Okuyucuma!



Sağlam dişler, bir de sağlam mide-

Budur dileğim senin için!

Sindirebildinse kitabımı,

Barıştı demektir benimle yıldızın!



Nietzsche



İç Dökmece -1



Hani sövmek istersin de sövemezsin ya. Kırıp dökmek gelir de içinden hep mani olur kimseler, değerli eşyalar, yasaklılar… Olay mahallidir aslında bir yurt odası cinnet için. Kimse bilmez ya hani.

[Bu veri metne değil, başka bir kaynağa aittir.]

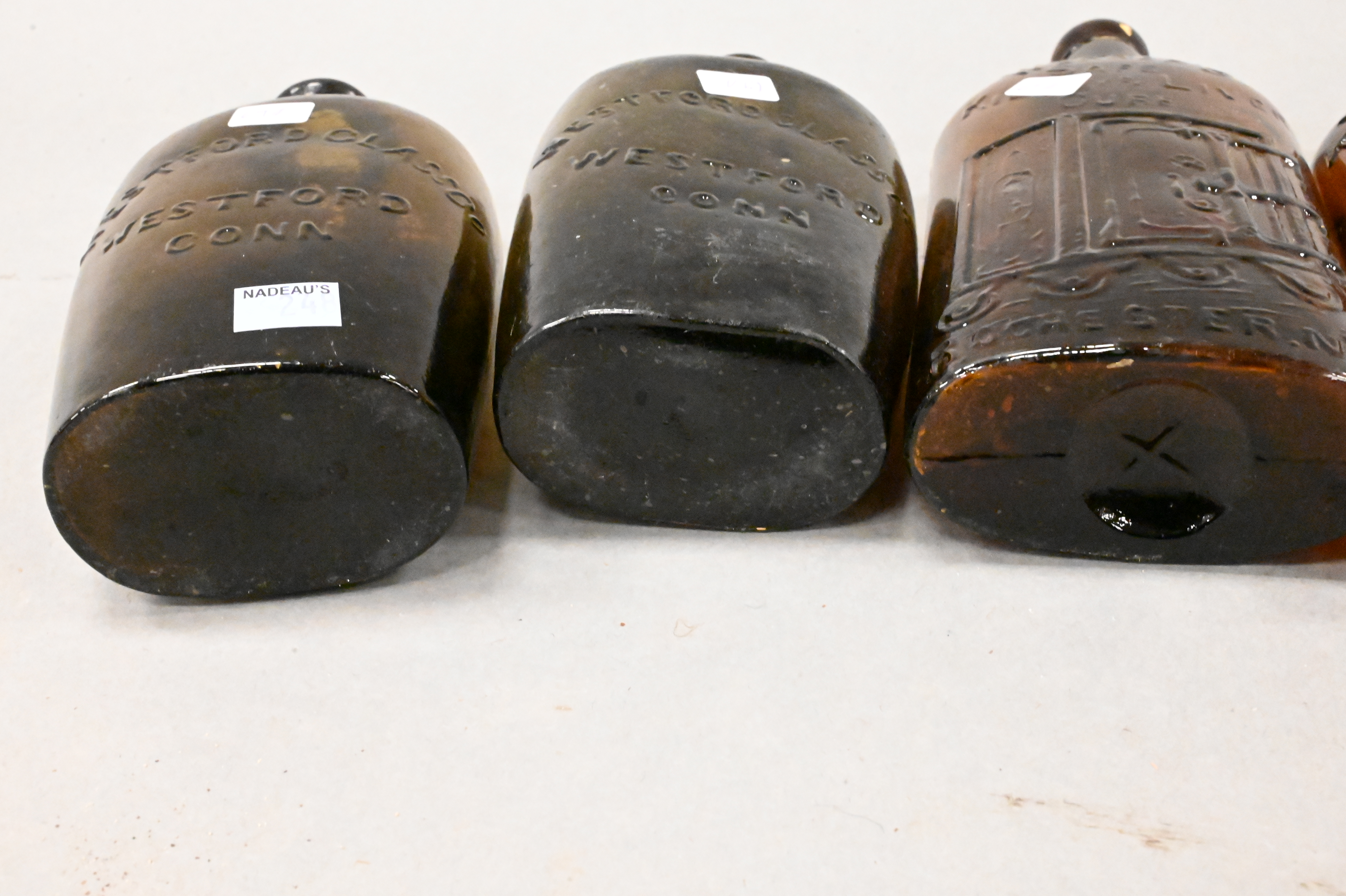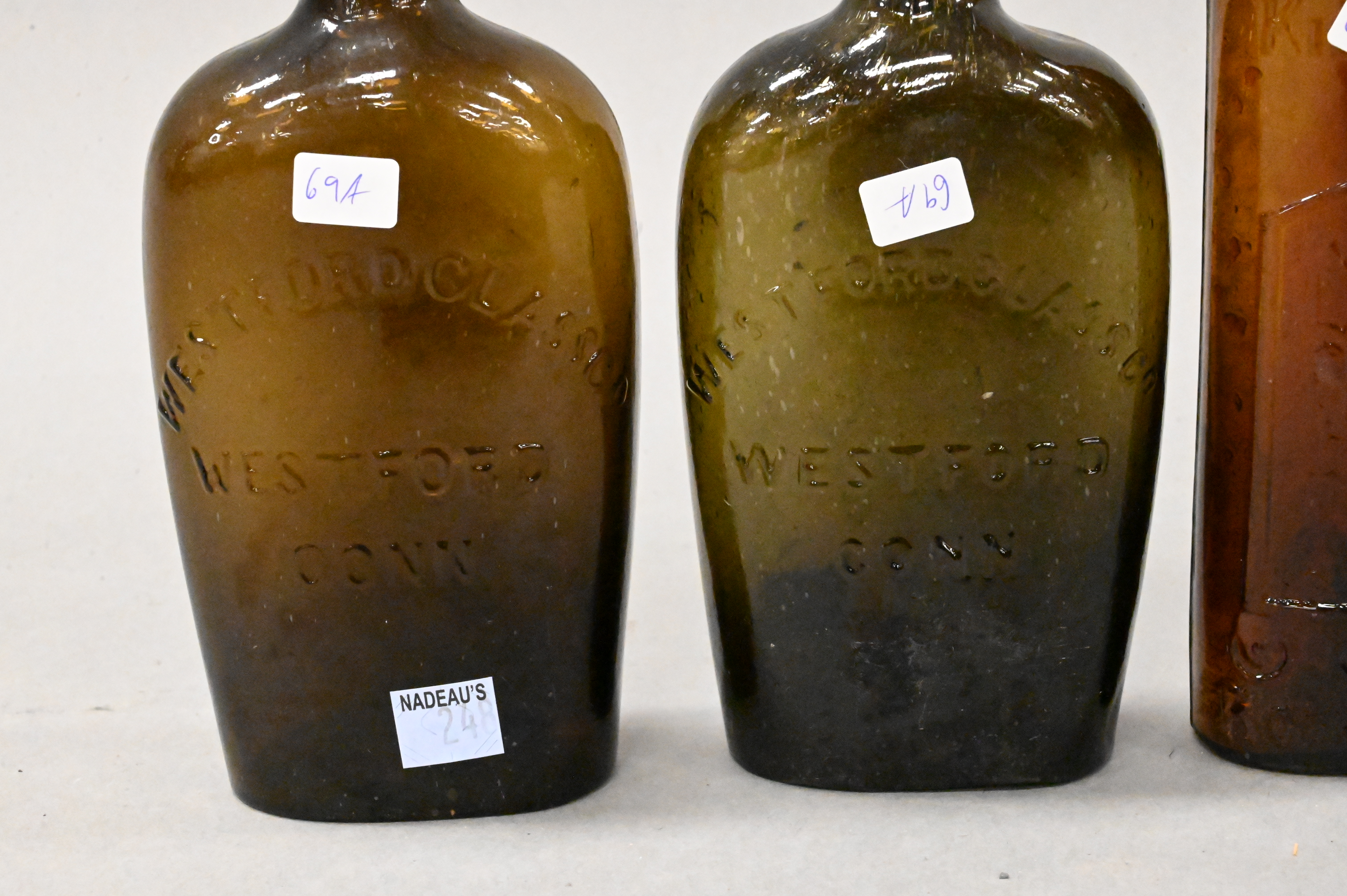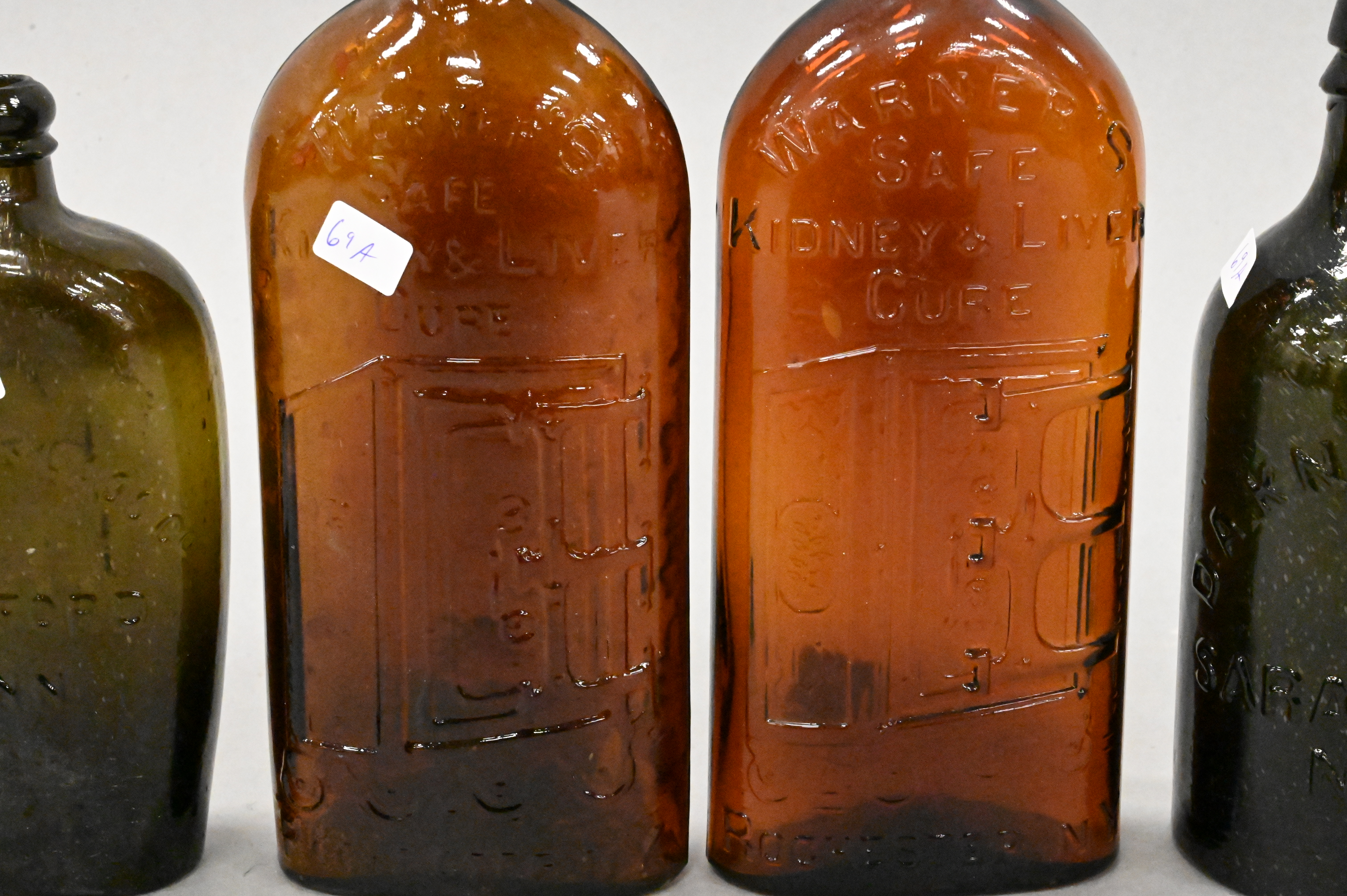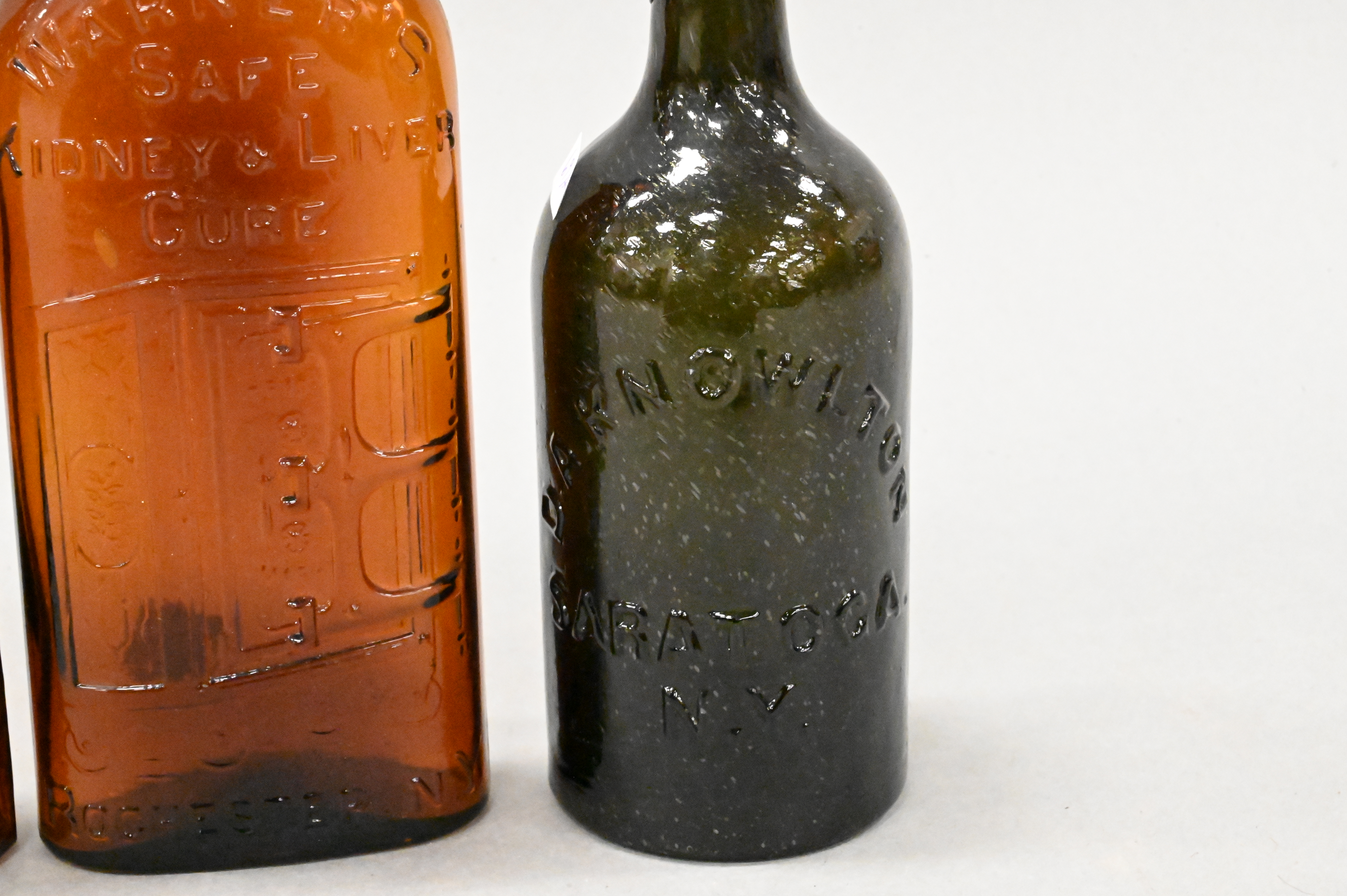to include a pair marked “Warner’s Safe Kidney and Liver Cure, Rochester, N.Y.,” one marked “D.A. Knowlton, Saratoga, N.Y.,” along with another pair marked “Westford Classic, Westford Connecticut”

İçinde kopan fırtınaları dindiremez ya yollar, müzikler. Sesler, yüzler, gülüşler. Hepsini toptan katledip çekip gidesin gelir hani.


İşte o haldeyim.


Bir yurt odasında, yabancı bir şehirde, önümde bilgisayarım, içime akan gözyaşlarımla, kırgın ve de yapayalnız oturmaktayım.


Konuşabileceğim kimse yok. Burada kimsenin dili yok. Kalbi de. Kimse neden ağlayamadığımı sormuyor. Kimse ağrılarımın, acılarımın sebebini sormuyor. Bu kadar mı benciller? Bu kadar mı kimsesizim.


Her yol karanlık buralarda. Her yol soğuk. Her yol çıkmaz. İnsanlar hep solgun ve üzgün. Genel hava neden budur hep? Yollar parke taş… Kimse kimsenin umurunda değil.


Kırılgan kalbim fazla yorgun bu ara. Sevdiğim insanlar üzgün. Ben üzgün. Havalardan mıdır nedir? Anlayamıyorum.


Bulunduğum ortamlar fazla gergin belki de. Belki de insanlar fazla agresif. Belki de ben artık delirdim. Bilemiyorum. Tek bildiğim sinirli, üzgün ve yorgun olduğum. Yazı yazamadığım. Ve de midemdeki rahatsızlık.


Evime gitsem ya artık? Gelmedi mi vakti?